If the SD-WAN route does not work as expected, you should not immediately “solve” the error with broader rules. A clear demarcation is better.

Check:

1. Does the packet even reach the firewall?
2. Does it meet the expected firewall rule?
3. Does the SD-WAN route match according to the meter?
4. Is another SD-WAN route higher up more specific or broader?
5. Does the service really fit, for example TCP/UDP and port?
6. Is NAT used and is that desired?
7. Does the packet leave the firewall via the expected gateway?
8. Will the answer come back?
9. Is there a static route, VPN route or route precedence that influences the path?
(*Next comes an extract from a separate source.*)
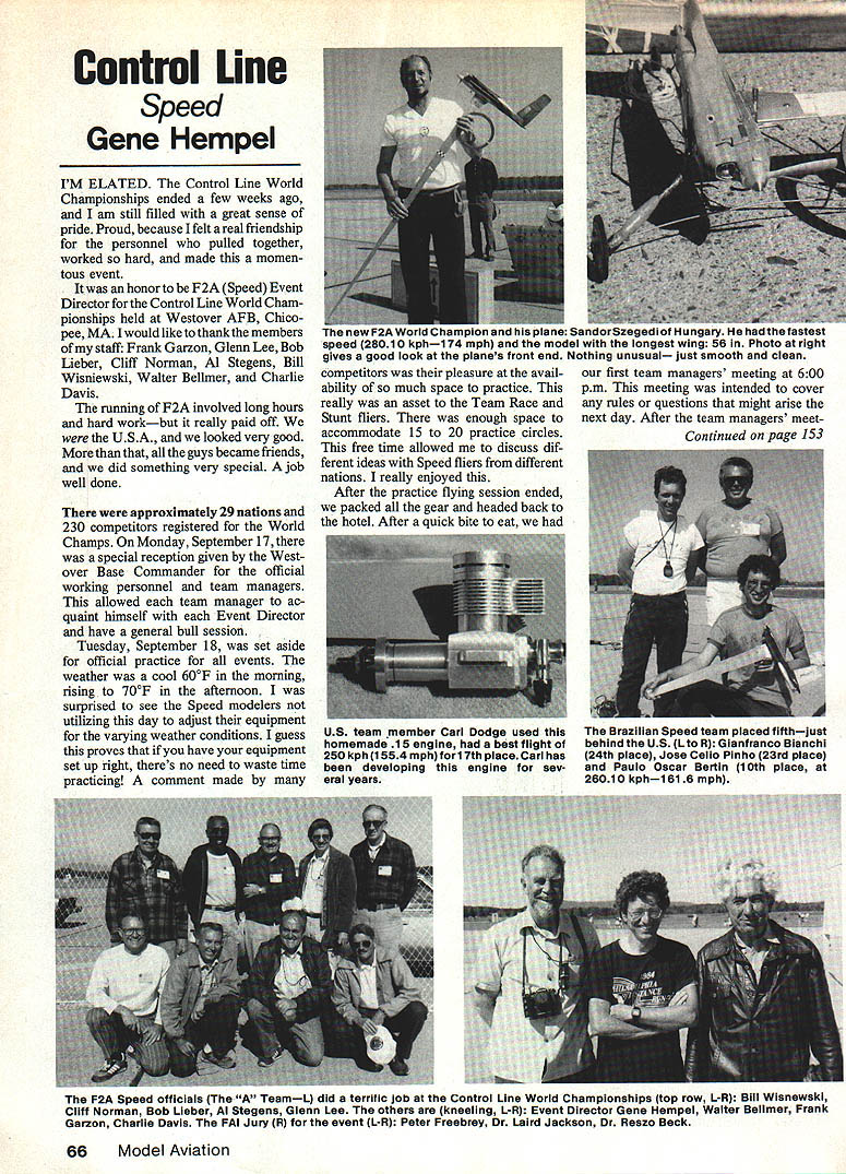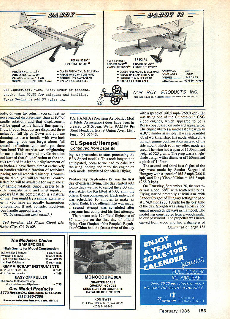 Contml Line Speed Gene Hem pel IM ELATED Control Line World Championships ended few weeks ago am still filled great sense pride Proud because felt real friendship personnel pulled together worked hard made momen tous event honor F2A Speed Event Director Control Line World Cham pionships held Westover AFB Chicopee MA would like thank members staff Frank Garzon Glenn Lee Bob Lieber Cliff Norman Al Stegens Bill Wisniewski Walter Belimer Charlie Davis running F2A involved long hours hard workbut really paid off USA looked very good guys became friends did something very special job well done approximately 29 nations 230 competitors registered World Champs Monday September 17 special reception given Westover Base Commander official working personnel team managers allowed team manager ac quaint himself Event Director have general bull session Tuesday September 18 set aside official practice events weather cool 600F morning rising 700F afternoon surprised see Speed modelers utilizing day adjust equipment varying weather conditions guess proves have equipment set up right theres no need waste time practicing comment made F2A Speed officials TeamL did terrific job Control Line World Championships top row L-R Bill Wisnewaki Cliff Norman Bob Lieber Al Stegens Glenn Lee others kneeling L-R Event Director Gene Hempel Walter Beilmer Frank Garzon Charlie Davis FAI Jury R event L-R Peter Freebrey Dr Laird Jackson Dr Reszo Beck 66Model Aviation new F2A World ampion plane Sandorszege. 3f Hungary He astest speed 28010 kph1 74 mph model longest wing 56 Photo right gives good look planes front end Nothing unusual just smooth clean competitors pleasure avail- first team managers meeting 600 ability much space practice pm meeting intended cover really asset Team Race rules questions might arise Stunt fliers enough space next day After team managers meetaccommodate 15 20 practice circles Continued page 153 free time allowed discuss dif ferent ideas Speed fliers different nations really enjoyed After practice flying session ended packed gear headed back hotel After quick bite eat US team member Carl Dodge used homemade 15 engine best flight 250 kph 1554mph fori 7th place Carl has developing engine sev eral years Brazilian Speed team placed fifthjust behind US L R Glanfranco Bianchi 24th place Jose Cello Plnho 23rd place Paulo Oscar Bertin 10th place 26010 kph1616 mph S RETAIL $22Oin SPECIAL S14O WINGSPAN 68* GLASS FUSE/COWL & BELLYPANWINGSPAN64 WING AIlEA700* PRECISION FOAM CORE WINOWING AfiEA1320 WEIGHT 7-BUS* PRESENT T-6 ALUM GEARWEIGHT9-95 LBS 1143114390-120 4cyc* BALSA TAIL SURFACESENGINE90-120 4cyo Use IasterCard Visa 4oney Order personal check Add 1350 shipping handlingNOR RAY PRODUCTS INC 5008 OAtH BEACH RH WICHITA FALLHTEX 76310 / 8176924675 Texas 1esidents add 5 sales tax ody tax return can get nowith speed 1665mph 2680 kph nore leadout displacement 90 ofp5 PAMPA Precision Aerobatics Mod-was using Chinese-built CSG iandle rotation displacementel Pilots Association dues have in-25cc engines appeared rill equal handle line-spacingcreased $15/year Write PAMPA ProRossi copy based outward appearance [hus leadouts displaced threeStunt Headquarters 9 Union Ave LittleThe engine utilizes sand-cast case nches full Up Down areFe NJ 07643ABC cylinder assembly beautiful lanning use handle two-inchjob workmanship model utilized inc spacing can forget about dupright engine configuration instead ontrol deflection cant getCLHem peside mount other modelers rom exercise enlighteningContinued page 66used wing span 1100mm measured Celebrationing proceeded start processing theweighed 525 grams prop single Lnd learned full deflection con-F2A Speed models took longer thanblade design diameter 160mm rols resulted leadout displacement ofanticipated because calculatea pitch 145mm es have flown almost exclusivelythe wing loading mark engine second third best flights rn handles within fraction four-incheach model submitted official flyingday made Sandor Szegedi pacing recorded history Consult-Hungary speed 1658 mph 2668 ng table will see full controlWednesday September 19 firstkph Ding Yibo China 1653 mph leflection will available plane atday official flying day started with2660 kph 100 handle rotation Since prefer flyfog thick cancel 800 am Thursday September 20 weath vith primarily hand wrist inputs itstart After fog lifted 900 am theer cool 680F scattered clouds ppears combination naturalofficial fi commenced individualFlying started promptly 800 am might try similar exercise towas scheduled 10 minutes male anSandor Szegedi Hungary setting pace ee have equally harmoniousofficialflight Ifnoofficial flightwas madeat 174Omph280lokphforthebesttime onibination consider modifyinga second attempt scheduled afterof day Szegedi using Rossi 25 cc tour handle appropriatelyeveryone completed first attemptengine mounted sideways model continued next month 17 official flights out ofmodel constructed wood similar 37 attempts first day officialto basswood propeller handTed Fancher 158 Flying Cloud Isleflying Gao Guojun Peoples Repub-carved wood diameter oster City CA 94409lic China fastest time dayContinued page 156 Modelers Choice GMP EPOXIES High Quality Model Construction Jr Kwik Set 6 Minute5 oz $595 Kwik Set 6 Minute10 oz $995 Giant Kwik Set 6 Minute16 az$1395 Half Fast 10 Minute10 oz $895 GMP AIRCRAFT INSTRUMENTS 80 3/16l/43/8l/2$ 149 40 3/4 inch$ 149 EASY OFF PULLER proper tool removing drive weshersand flywheels$ 795 Gas Model Products 8773 Russet Dr Cincinnati OH 45239 513 385-7398 sot ot yss doolur ordor dkoet Post odd $110 February 1985153 RETAIL PRICESPECIAL STDKIT$259STDKlT$175 DELUXE KIT S299 DELUXE KIT S2OS GLASS FUSE/COWL & BELLYPAN * PRECISION FOAM CORE WING * PRESENT T-6 ALUM GEAR * BALSA TAIL SURFACES MONOCOUPE 90A QUARTER SCALE QUADRA 4 CYCLE SEND $200 FOR COMPLETE CATALOG OF FINE KITS IKON NWST PO Box 566 Auburn WA 98071 206941-8248 CL Speed/Hem pel Continued page 153 155mm pitch 61 secondbest flight placed Otello Vitre Ita

If Packet Capture doesn't see a packet at all, the problem is in the firewall: client gateway, VLAN, switch, local routing or incorrect test. If the packet arrives but goes over the wrong path, SD-WAN criteria, order, NAT and route precedence are the next checkpoints.

## Operational check

SD-WAN routes should be documented and regularly checked after introduction. This is particularly important when changing providers, new VPNs, additional WAN lines or changes to cloud services.

You should document:

- Purpose of the route
- Source and destination criteria
- Services
- Gateway or SD-WAN profiles
- NAT expectation
- Failover behavior
- Test client and test target
- Owner and review date

For business-critical applications, it should also be clear who has to react in the event of provider disruptions, failover problems or changed public IPs.

## Checklist

- Traffic destination and search intention of the route are clearly described.
- Source, destination and services are not set unnecessarily broadly.
- Gateway or SD-WAN profiles deliberately chosen.
- Firewall rule and NAT rule match the route.
- Route precedence checked.
- Reply packets and system-generated traffic only included when necessary.
- Log Viewer and Packet Capture used for acceptance.
- Failover and failback tested when part of the design.
- Route documented and provided with owner.

## Frequently asked questions






When do you need an SD-WAN route on Sophos Firewall?

An SD-WAN route makes sense when certain traffic should flow over a specific path depending on the source, destination, service, user or gateway. For a simple target network, a static route can often be sufficient.

Why is my SD-WAN route not working?

Often the source, destination, service, order or route precedence do not match. Additionally, a firewall rule, NAT rule or static route can affect the actual packet flow.

Can you use SD-WAN with route-based IPsec?

Yes, route-based IPsec can be integrated into SD-WAN designs with XFRM interfaces and appropriate routes. Then IPsec status, SD-WAN route, route precedence, NAT and firewall rules should be checked together.

Should you always set Destination to Any?

No. Any only makes sense if the route is actually intended to control all destination traffic from this source. For cloud services, VoIP, internal networks or VPNs, narrower targets are usually safer and easier to maintain.

Is the Policy Tester sufficient for SD-WAN testing?

No. The Policy Tester helps with policy logic, but does not replace a real packet flow test. For SD-WAN you should use Log Viewer, hit counter and Packet Capture.